Weiboscope Open Data
datasetposted on 2021-09-27, 04:02 authored by King Wa FuKing Wa Fu
Welcome to the Open Weiboscope Data Access website. Weiboscope is a data collection and visualization project developed by the research team at the Journalism and Media Studies Centre, The University of Hong Kong (JMSC). One of the objectives of the project is to make censored Sina Weibo posts of a selected group of Chinese microbloggers publicly accessible, which enables academic use of the data for better understanding of the social media in China and making the Chinese media system more transparent.

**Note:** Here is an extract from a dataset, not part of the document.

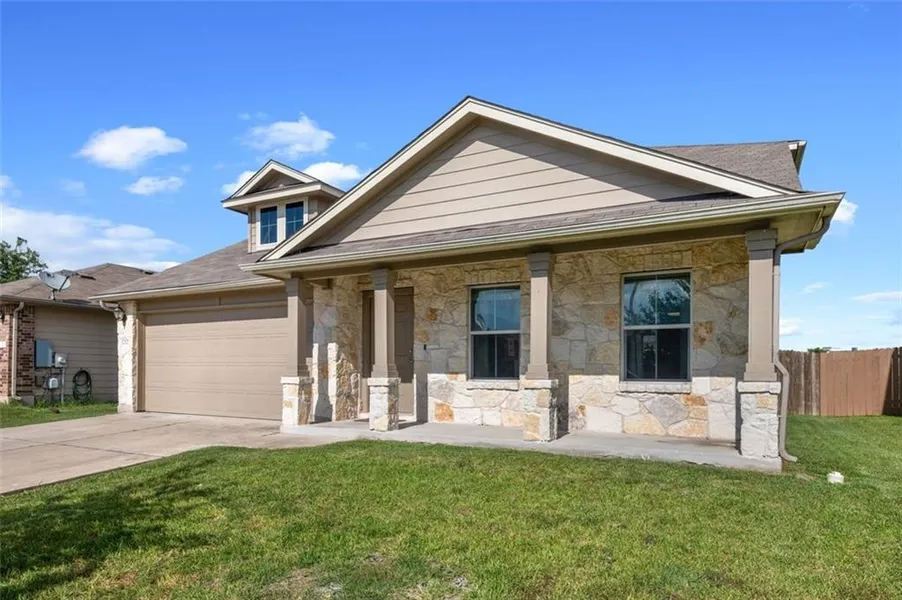 Nice 3 bed/2 bath Manor home centrally located, within minutes to Hwy 290 and Hwy 130. This home built in 2013 is ready for move in, with an upgraded luxury flooring, hard tile floors in the kitchen and one of the largest floor plans in Wildhorse Creek. With 2137 square feet, this home has three full bedrooms, and a bonus loft room upstairs that can serve as an office or easily converted to a fourth bedroom. It features a large open living with vaulted ceilings open to the second floor loft, granite countertops in the kitchen, brand new stove and the refrigerator conveys. The backyard comes with its own storage building/workshop as well. The home is located just minutes from Tesla, Samsung, Applied Materials, the Domain Shopping Center, and a short drive to ABIA.

Since January 2011, the project has been regularly sampling timelines of more than 350,000 Chinese microbloggers who have more than 1,000 followers. The methodology has been detailed in an IEEE Internet Computing article (Fu, Chan, Chau, 2013). Besides, we have sampled Sina Weibo accounts randomly since 2012 and the samples' most recent timeline were collected and stored into the dataset. Our sampling approach is reported in a PLOS ONE article (Fu, Chau, 2013). This site contains all the Weiboscope data collected in the year 2012. We are delighted to share the data for open access. But for ethical reason, the data are anonymized, i.e. real user and message id are replaced by pseudo ID. When using the data, please cite the paper below. King-wa Fu, CH Chan, Michael Chau. Assessing Censorship on Microblogs in China: Discriminatory Keyword Analysis and Impact Evaluation of the 'Real Name Registration' Policy. IEEE Internet Computing. 2013; 17(3): 42-50. http://doi.ieeecomputersociety.org/10.1109/MIC.2013.28 Data Set Statistics: Number of weibo messages: 226841122 Number of deleted messages: 10865955 Number of censored ('Permission Denied') messages: 86083 Number of unique weibo users: 14387628 Enquiry: Send your question/comment to firstname.lastname@example.org. The project is funded by the University of Hong Kong Seed Funding Program for Basic Research.
Fu KW, Chan CH, Chau M. Assessing Censorship on Microblogs in China: Discriminatory Keyword Analysis and the Real-Name Registration Policy. Internet Computing, IEEE. 2013; 17(3): 42-50.